- TASK TO COMPLETE -
Could you copy the data that follows exactly as written, but drop the pictures?
[Opening DATA BLOCK section]
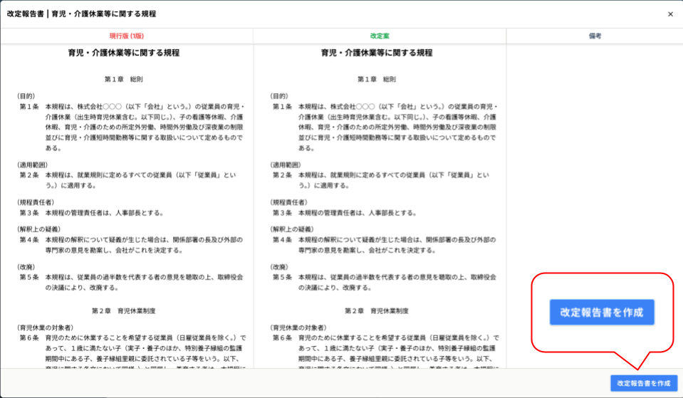 新旧対照表、改定の概要、備考の構成で作成できます。
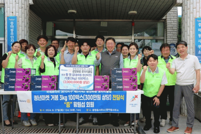±è¸í¼ø ±¤¾çȶû·ÎŸ¸®Å¬·´ ȸÀåÀº ¡°È²¿ø¼· ȸ¿øÀº 3³â° °úÀÏ·Î Áö¿ª»çȸ¿¡ ÀÌ¿ô»ç¶ûÀ» ½ÇõÇÏ´Â ¸ð¹üÀûÀÌ°í µëÁ÷ÇÑ È¸¿øÀÌ´Ù¡±¶ó¸ç ¡°ÈÄ¿ø ¹°Ç°À» Àü´Þ¹ÞÀº ºÐµé²²¼´Â ¹«´õ¿î ¿©¸§À» °Ç°ÇÏ°Ô Àß ³ª½Ã±æ ¹Ù¶õ´Ù¡±¶ó°í ÀüÇß´Ù.
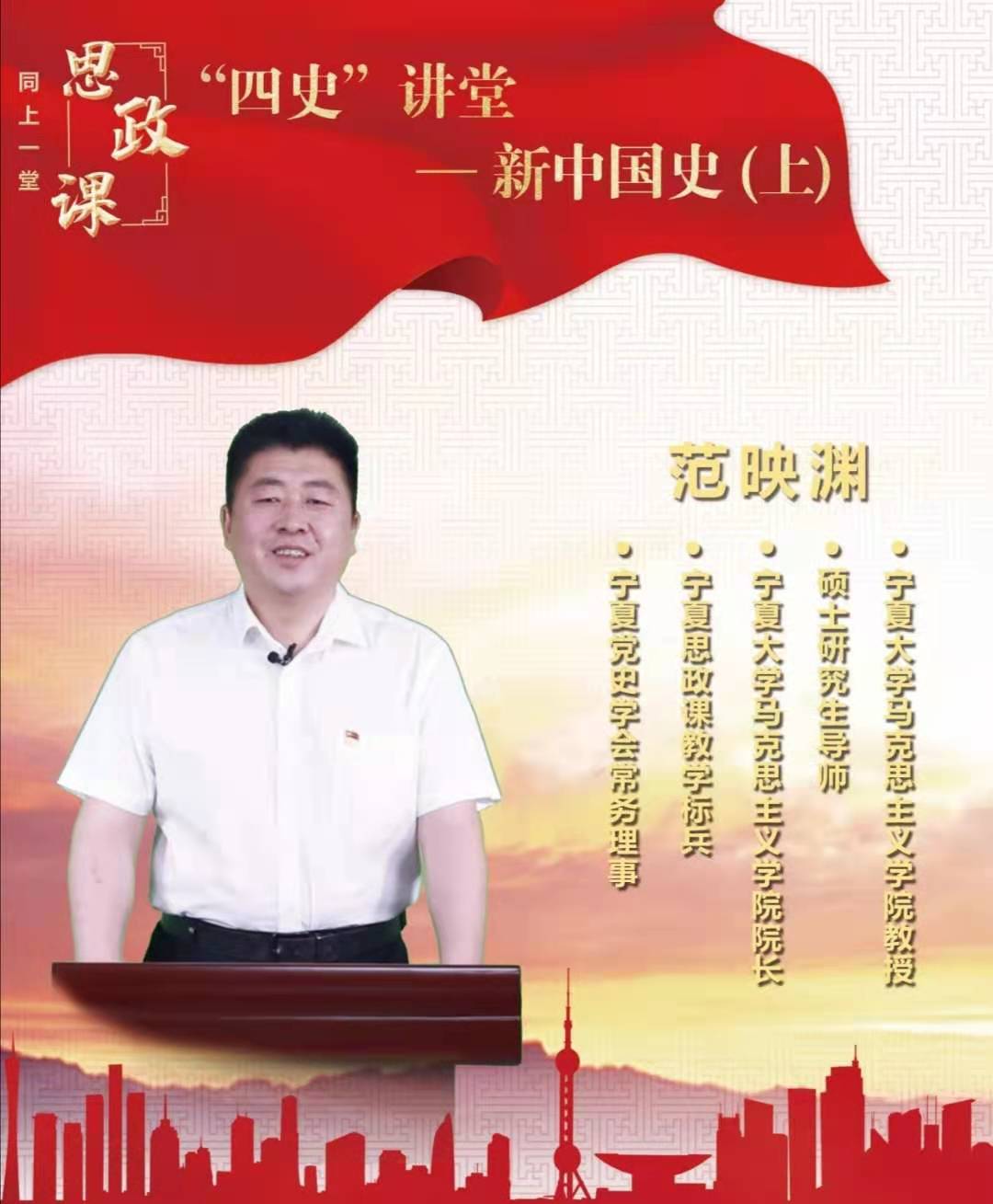 马克思主义学院院长、中国国际共运史学会理事、宁夏党史学会常务理事、宁夏大中小思政课一体化建设专家委员会主任、自治区思政课教学标兵范映渊主讲。
[Closing DATA BLOCK section]
- EXERCISE OUTPUT -
 新旧対照表、改定の概要、備考の構成で作成できます。
±è¸í¼ø ±¤¾çȶû·ÎŸ¸®Å¬·´ ȸÀåÀº ¡°È²¿ø¼· ȸ¿øÀº 3³â° °úÀÏ·Î Áö¿ª»çȸ¿¡ ÀÌ¿ô»ç¶ûÀ» ½ÇõÇÏ´Â ¸ð¹üÀûÀÌ°í µëÁ÷ÇÑ È¸¿øÀÌ´Ù¡±¶ó¸ç ¡°ÈÄ¿ø ¹°Ç°À» Àü´Þ¹ÞÀº ºÐµé²²¼´Â ¹«´õ¿î ¿©¸§À» °Ç°ÇÏ°Ô Àß ³ª½Ã±æ ¹Ù¶õ´Ù¡±¶ó°í ÀüÇß´Ù.
 马克思主义学院院长、中国国际共运史学会理事、宁夏党史学会常务理事、宁夏大中小思政课一体化建设专家委员会主任、自治区思政课教学标兵范映渊主讲。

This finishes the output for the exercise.